_Information supplied:_
-- Opening Marker --
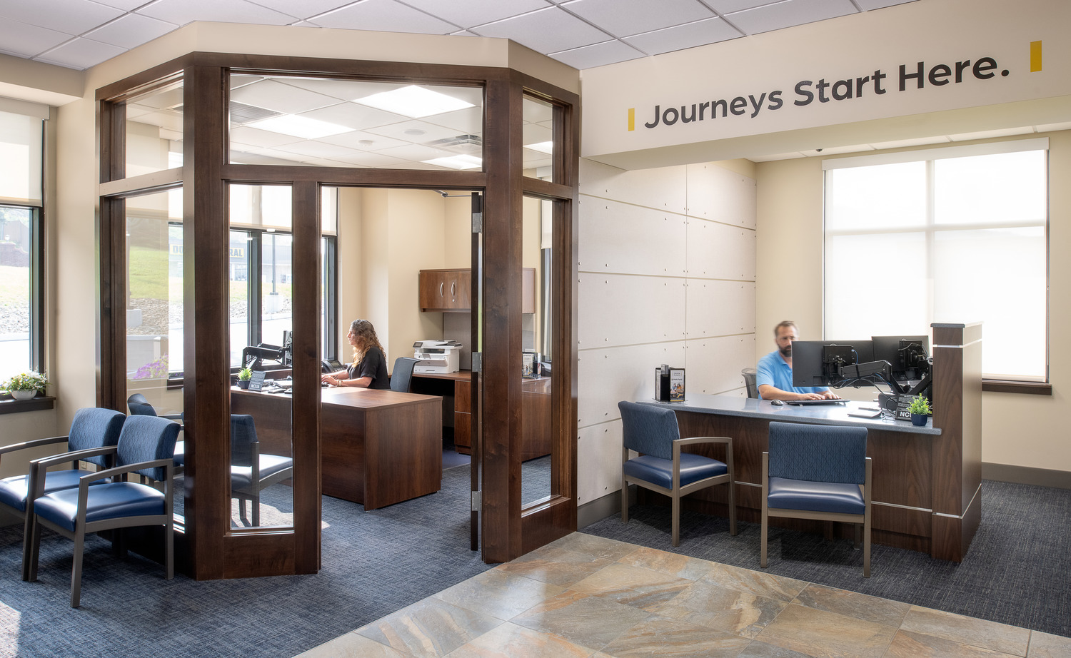 The project arrived at a pivotal moment. Coming directly on the heels of a complete rebrand, the Bradford branch became the first new facility to showcase High Point’s updated colors, logo and identity. The design challenge was twofold: to capture the energy of the refreshed look and feel in a way that felt compelling, while still preserving the familiarity members valued.
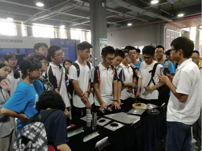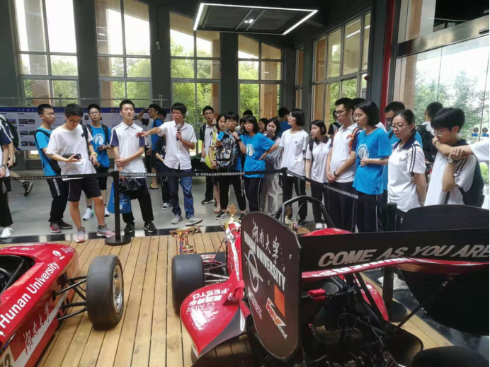 李彬博士首先向同学一行科普了与汽车车身设计制造相关的物理、化学基础知识,并用深入浅出的举例将同学们带入到参观的氛围中。随后他为同学们介绍了汽车车身先进设计制造国家重点实验室概况,重点实验室是国家在高校布局的三个汽车相关的国家重点实验室之一,在汽车车身先进设计制造方面处于国内领先地位。同学一行先后参观了实验室激光智能制造团队开发的五轴激光复合制造中心,以及基于机器视觉、基于熔池温度的激光增材制造实时控制技术。紧接着大家一起听取了磁脉冲成形技术,磁脉冲焊接技术,磁脉冲铆接技术介绍。最后李老师带领大家参观湖了湖南大学方程式赛车,向同学们介绍了赛车的技术细节以及湖南大学赛车队在国内外所斩获各大奖项等情况,同学们投来了崇拜之情。
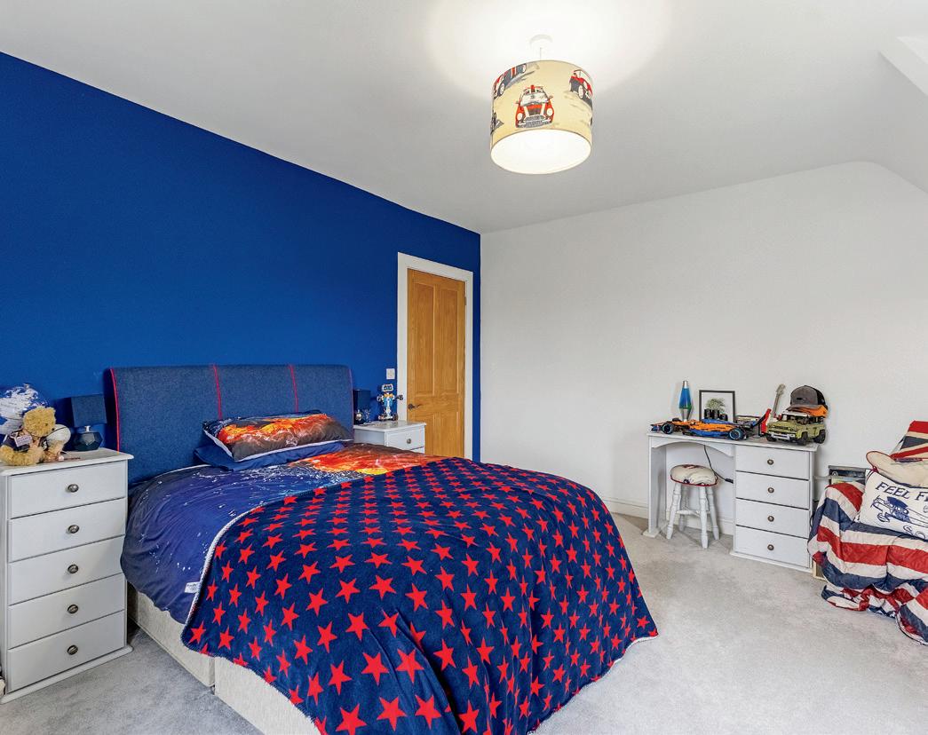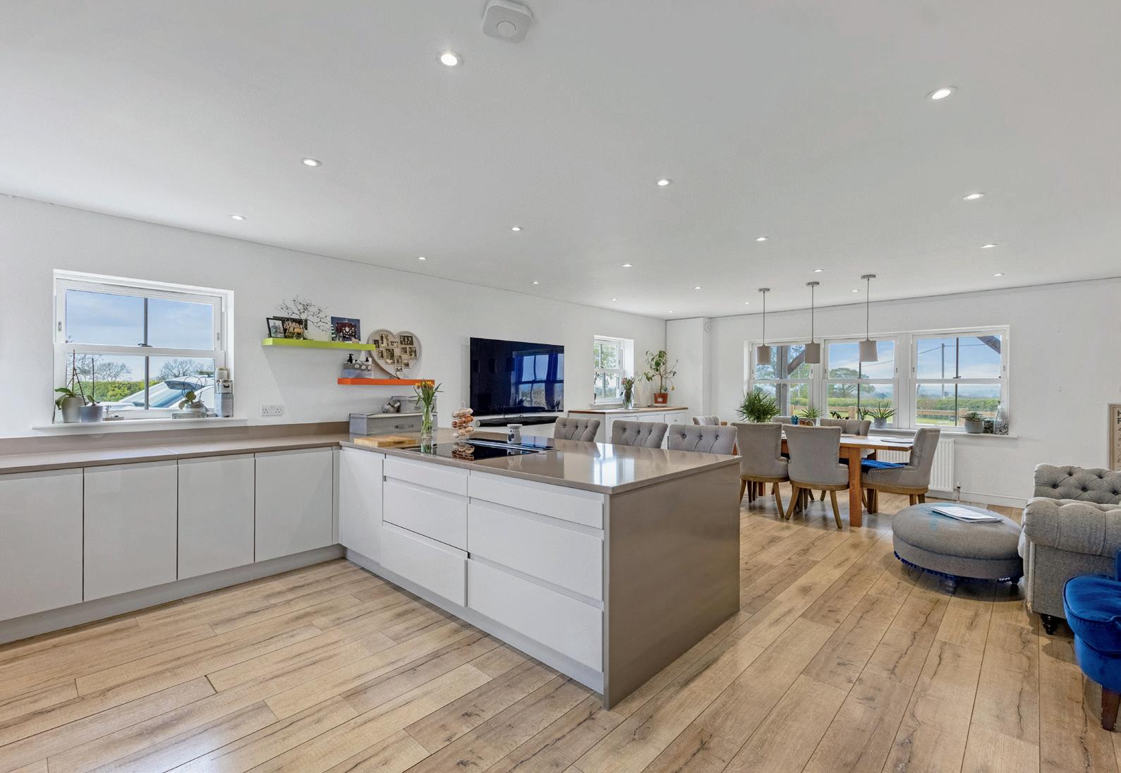 A welcoming entrance leads into a beautifully modernised family home combining characterful features with contemporary living. At its heart is an expansive openplan kitchen/dining/family area, complete with breakfast bar and seating and ample cabinetry. The main living room is centered around a charming fireplace and framed by large windows and French doors that bathe the space in natural light with one end currently being used as a music area. A well-appointed utility room and a practical boot room add to the daily convenience of countryside living, while a versatile ground-floor room — ideal as a study, office, or occasional guest bedroom — enhances the home’s flexibility.
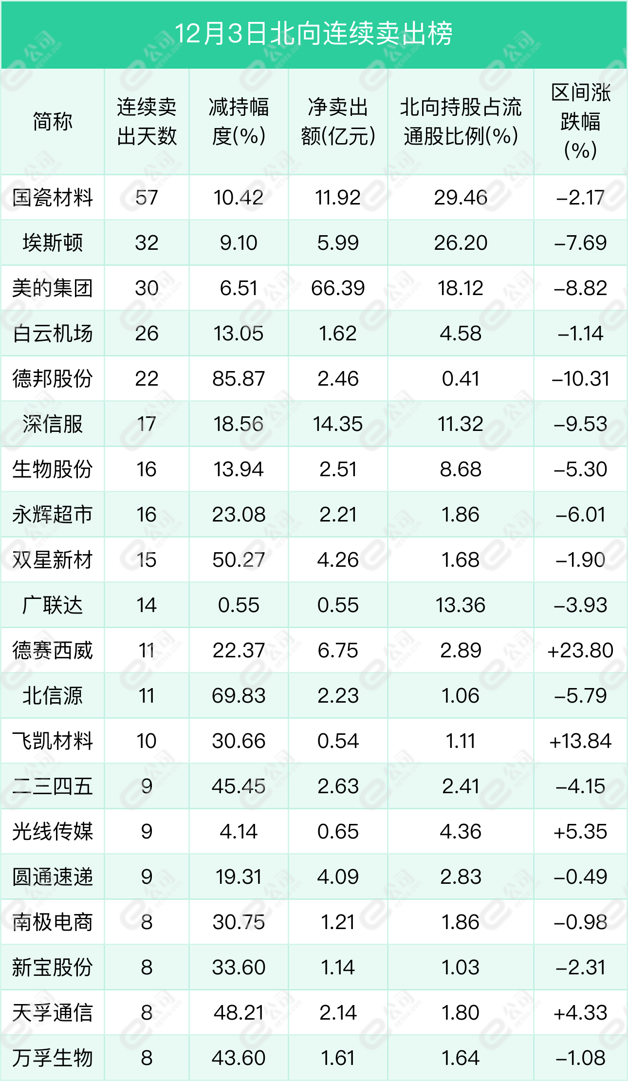 国瓷材料、埃斯顿、美的集团遭北向资金连续净卖出天数居前,分别为57天、32天、30天,期间净卖出额分别为11.92亿元、5.99亿元、66.39亿元,期间减持幅度分别为10.42%、9.1%、6.51%。
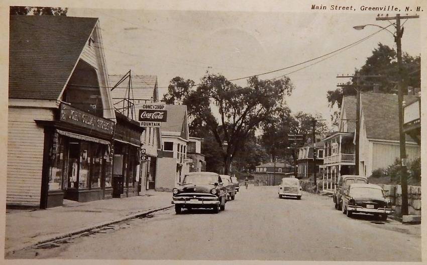 Greenville, NH c.1955. Town Center with Electric Distribution Lines, Old Cars, Stores.
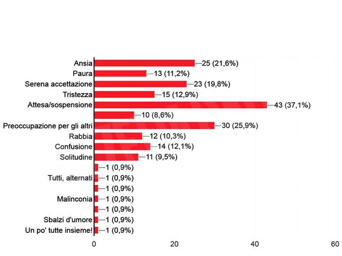 La quarantena, dunque, non si costituisce più come una condizione provvisoria e temporanea, ma come una linea di demarcazione netta tra prima e dopo. L’impianto socioeconomico e le stesse strutture di pensiero con cui le persone interpretano la realtà sembrano destinate alla metamorfosi. Quando, poi esploriamo l’emozione vissuta nei giorni di blocco forzato, la prima risposta, con il 37% circa, è la sensazione di «attesa e sospensione»; di seguito: «preoccupazione per gli altri» (26%), «ansia» (22); «serena accettazione» (20), «confusione» (12), «paura» (11), «rabbia» (10), «tristezza» (13) e «solitudine» (10).
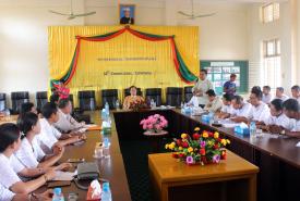 ပဲခူးတိုင်းဒေသကြီး သာယာဝတီခရိုင်၊ မိုးညိုမြို့နယ်၊ ပြန်ကြားရေးနှင့်ပြည်သူ့ဆက်ဆံရေး ဦးစီးဌာနရုံးရှေ့ မြေစိုက်ဘုတ်တွင် သဘာဝဘေးအန္တရာယ်ကြိုတင်ကာကွယ်ရေးနှင့် ဖြစ်ပွားလာပါက ..........
-- Closing Marker --
_Exercise objective:_ In the copy you write, the data above must appear exactly, with no pictures.

_Output of the task:_
 The project arrived at a pivotal moment. Coming directly on the heels of a complete rebrand, the Bradford branch became the first new facility to showcase High Point’s updated colors, logo and identity. The design challenge was twofold: to capture the energy of the refreshed look and feel in a way that felt compelling, while still preserving the familiarity members valued.
 李彬博士首先向同学一行科普了与汽车车身设计制造相关的物理、化学基础知识,并用深入浅出的举例将同学们带入到参观的氛围中。随后他为同学们介绍了汽车车身先进设计制造国家重点实验室概况,重点实验室是国家在高校布局的三个汽车相关的国家重点实验室之一,在汽车车身先进设计制造方面处于国内领先地位。同学一行先后参观了实验室激光智能制造团队开发的五轴激光复合制造中心,以及基于机器视觉、基于熔池温度的激光增材制造实时控制技术。紧接着大家一起听取了磁脉冲成形技术,磁脉冲焊接技术,磁脉冲铆接技术介绍。最后李老师带领大家参观湖了湖南大学方程式赛车,向同学们介绍了赛车的技术细节以及湖南大学赛车队在国内外所斩获各大奖项等情况,同学们投来了崇拜之情。
 A welcoming entrance leads into a beautifully modernised family home combining characterful features with contemporary living. At its heart is an expansive openplan kitchen/dining/family area, complete with breakfast bar and seating and ample cabinetry. The main living room is centered around a charming fireplace and framed by large windows and French doors that bathe the space in natural light with one end currently being used as a music area. A well-appointed utility room and a practical boot room add to the daily convenience of countryside living, while a versatile ground-floor room — ideal as a study, office, or occasional guest bedroom — enhances the home’s flexibility.
 国瓷材料、埃斯顿、美的集团遭北向资金连续净卖出天数居前,分别为57天、32天、30天,期间净卖出额分别为11.92亿元、5.99亿元、66.39亿元,期间减持幅度分别为10.42%、9.1%、6.51%。
 Greenville, NH c.1955. Town Center with Electric Distribution Lines, Old Cars, Stores.
 La quarantena, dunque, non si costituisce più come una condizione provvisoria e temporanea, ma come una linea di demarcazione netta tra prima e dopo. L’impianto socioeconomico e le stesse strutture di pensiero con cui le persone interpretano la realtà sembrano destinate alla metamorfosi. Quando, poi esploriamo l’emozione vissuta nei giorni di blocco forzato, la prima risposta, con il 37% circa, è la sensazione di «attesa e sospensione»; di seguito: «preoccupazione per gli altri» (26%), «ansia» (22); «serena accettazione» (20), «confusione» (12), «paura» (11), «rabbia» (10), «tristezza» (13) e «solitudine» (10).
 ပဲခူးတိုင်းဒေသကြီး သာယာဝတီခရိုင်၊ မိုးညိုမြို့နယ်၊ ပြန်ကြားရေးနှင့်ပြည်သူ့ဆက်ဆံရေး ဦးစီးဌာနရုံးရှေ့ မြေစိုက်ဘုတ်တွင် သဘာဝဘေးအန္တရာယ်ကြိုတင်ကာကွယ်ရေးနှင့် ဖြစ်ပွားလာပါက ..........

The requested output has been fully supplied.